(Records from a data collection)
◆ ◆ ◆ ◆

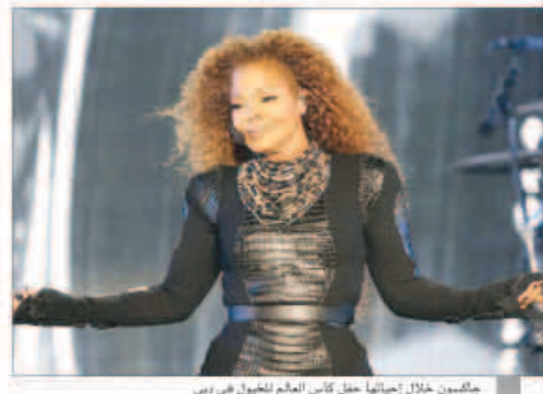
جackson خلال إحيائها حفل كأس العالم للخيول في دبي

«سكاى نيوز عربية» : أعلنت مغنية البوب الأمريكية جانيت جاكسون، أول أمس، أنها ستعلق مؤقتاً جولتها العالمية، بسبب «تغيرات مفاجئة» لتتخطب منها، ومن زوجها، الإتهام للأسرة، في إشارة منها إلى أنها قد تكون حاملاً. وقالت جاكسون، شقيقة نجم الجوب الراحل مايكل جاكسون، خلال مقطع فيديو نشرته على موقع «يوتيوب» : «زوجي وأنا نتخطب للأسرة لذلك أنا مضطرة لتأجيل الجولة، معذرة أرجو أن تفهموا مدى أهمية ذلك بالنسبة لي الآن، على أن استريح كما نصحني الطبيب». وأضافت أنها لم تنس عشاقها وسنواصل الجولة العالمية في أقرب وقت ممكن، وفقاً ما أوردت وكالة «رويترز». كما أعربت عن شكرها للراقصين في فرقها، وبقية أفراد الطاقم وعشاقها على حبهم ودعمهم لها. وأجبت جاكسون آخر حفل لها في نهاية مارس الماضي في إمارة دبي، ضمن احتفالات نسخة الـ 21 لكأس دبي العالمي للخيول.
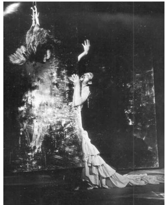
土方巽「肉体の叛乱」

1960年代に土方によって創始された暗黒舞踏は、「BUTOH」の名として世界中に伝播し、多様な芸術表現、幅広い世代へと影響を与え、現在の日本のダンスシーンにおいてもその軌跡を見ることができます。本特集では、土方の身体像を描写し、その時代背景までを感じさせる貴重な記録映像、土方の思想を伝えるテキスト、創作に携わった人物の語りから、土方の魅力と今日における土方の功績を考えます。貴重な映像記録とともに、もうひとつの記録である言葉を通じ、土方巽という、現代に続くイマジネーションの源泉をご紹介します。
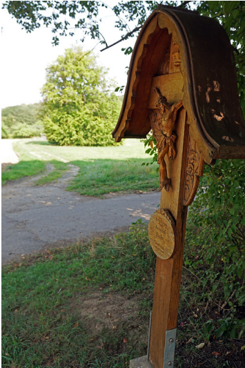
Wegekreuz am Dockmühlenweg/Ecke Milchweg, Bruchhausen (2019)
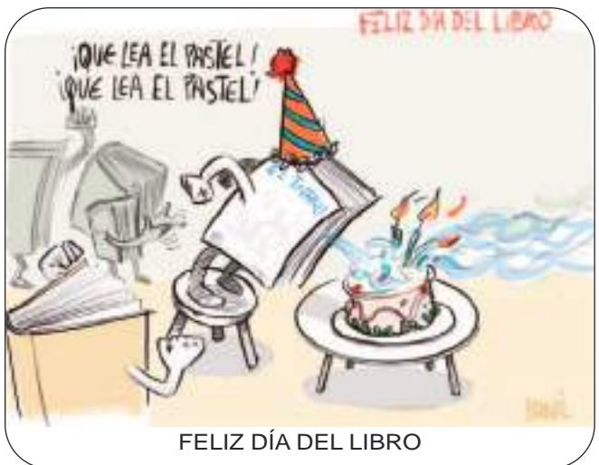
FELIZ DÍA DEL LIBRO
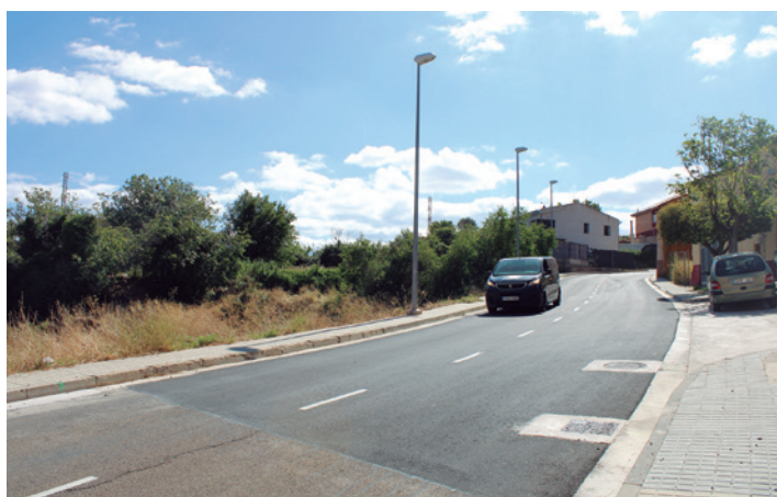
El nuevo asfaltado señala una de las zonas de actuación.

Los tarazonenses pueden circular con normalidad por la Cuesta del Crucifijo desde que a mediados de julio finalizara la obra de renovación de la red de abastecimiento.
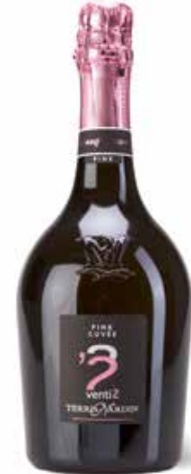
Pink Cuvée Venti 2 Rosé Vino Spumante Extra Dry
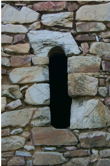
Nef, mur nord, détail baie IVR53_20013509859NUCA
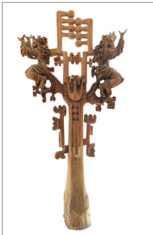
Музика, ХГ Христо Цокев Габрово 1983

и синтез с новата архитектура. В последствие по подобен начин са решени и други тавани - на посолството в Москва, в ритуалната зала в Хлебарово, таван в Бон и др.

◆ ◆ ◆ ◆

#### Goal of the exercise
Whenever a line in the records above contains the string "خلال", copy that line.

#### Result
جackson خلال إحيائها حفل كأس العالم للخيول في دبي
«سكاى نيوز عربية» : أعلنت مغنية البوب الأمريكية جانيت جاكسون، أول أمس، أنها ستعلق مؤقتاً جولتها العالمية، بسبب «تغيرات مفاجئة» لتتخطب منها، ومن زوجها، الإتهام للأسرة، في إشارة منها إلى أنها قد تكون حاملاً. وقالت جاكسون، شقيقة نجم الجوب الراحل مايكل جاكسون، خلال مقطع فيديو نشرته على موقع «يوتيوب» : «زوجي وأنا نتخطب للأسرة لذلك أنا مضطرة لتأجيل الجولة، معذرة أرجو أن تفهموا مدى أهمية ذلك بالنسبة لي الآن، على أن استريح كما نصحني الطبيب». وأضافت أنها لم تنس عشاقها وسنواصل الجولة العالمية في أقرب وقت ممكن، وفقاً ما أوردت وكالة «رويترز». كما أعربت عن شكرها للراقصين في فرقها، وبقية أفراد الطاقم وعشاقها على حبهم ودعمهم لها. وأجبت جاكسون آخر حفل لها في نهاية مارس الماضي في إمارة دبي، ضمن احتفالات نسخة الـ 21 لكأس دبي العالمي للخيول.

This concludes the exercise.